Take 5, there should be a dimple on the firewall side of fender wheel skirt which locates where you should drill the 1 inch hole. If you do this there is no need to remove the fender skirt.


----------



## kkosche (Dec 13, 2021)

I removed my heater core in my 1966 GTO today. It is a factory A/C car, original owner, stored for 40 years, well documented. Below are a few comments about how this went for me:

1. The factory manual talks about "6 nuts" . . mine only has 5 in the engine bay. 3 along the bottom (including the one tucked up between the fender and inner fender; and 2 on the top.

2. The bolt tucked up between the fender / inner fender really was not that bad. Hit each nut with some WD40 type of product, and got on the one in question with a ratchet end wrench. I could even jam both hands in there and take the last few threads off by hand, and retrieve the speed nut. Yes there IS a dimple on that inner fender well if you really feel the need to break out the hole saw . . . but in my situation that would have been completely unnecessary. 

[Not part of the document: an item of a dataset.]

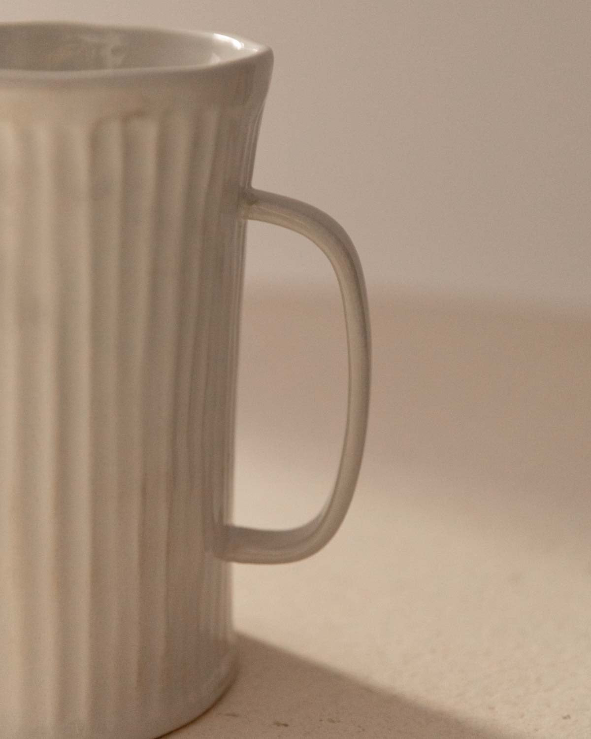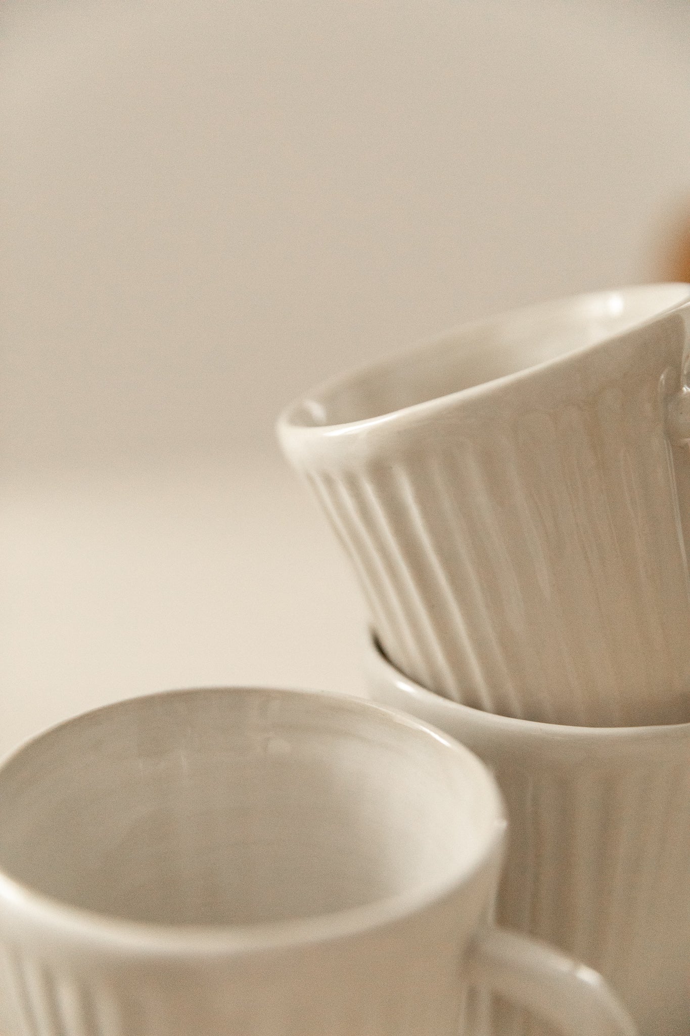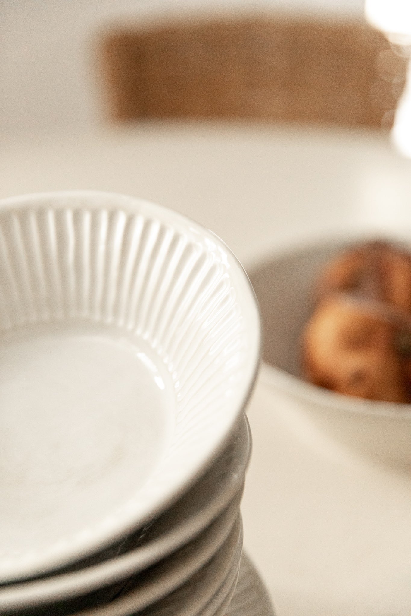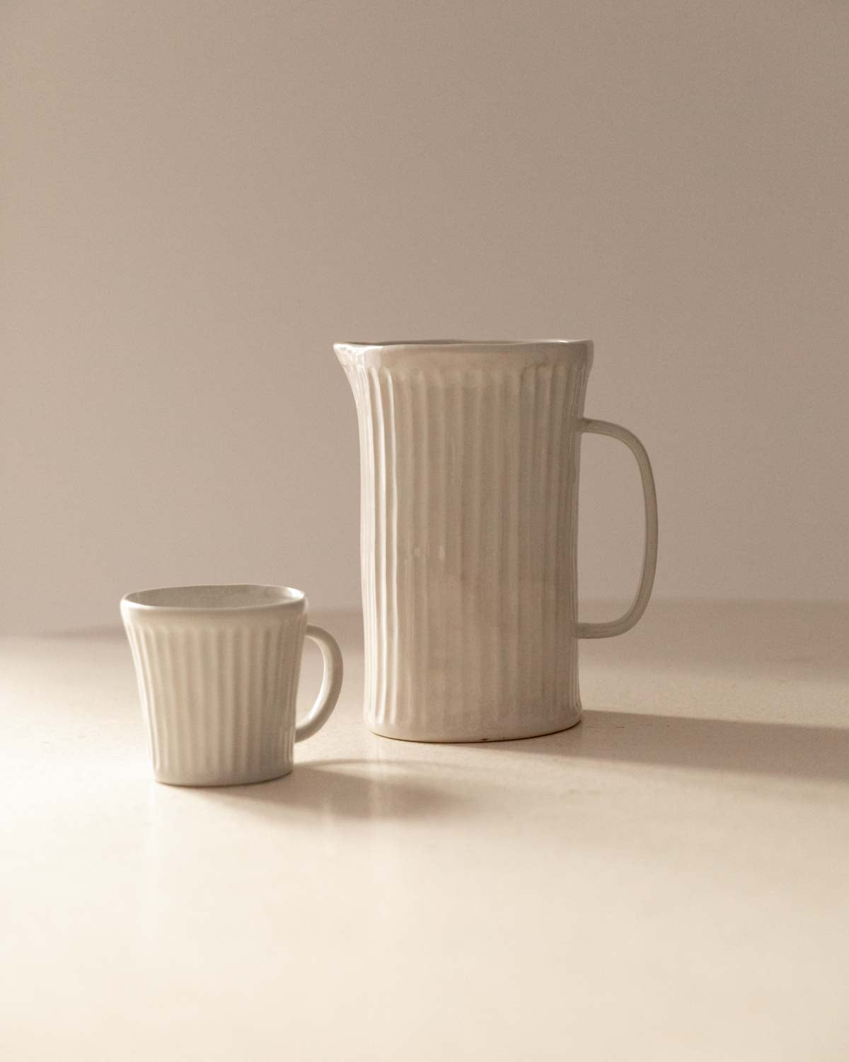 Vajilla de Gres Blanca Estriada. El gres, material reconocido por su resistencia y durabilidad, ofrece un acabado liso y robusto, ideal tanto para el uso diario como para ocasiones especiales.

3. What did take me an hour to figure out was that on the upper nut, nearest the center of the car (I attempted to add two pictures to this post, not sure if they will come through or not, happy to email, just PM me) . . . this stud passes through BOTH the firewall, and the engine bay metal duct work AND there was a round metal disc threaded on to the stud, tight against the firewall, and the engine bay metal duct work over the top, THEN the speed nut. I ended up taking out the 3-4 sheet metal screws holding the upper engine bay metal duct work so it would be loose enough to move off the stud so I can take a closer look. Gentle prying with a small screw driver, and a pair of needle nose pliers and the all was well.

I wish you the very best with your projects!


----------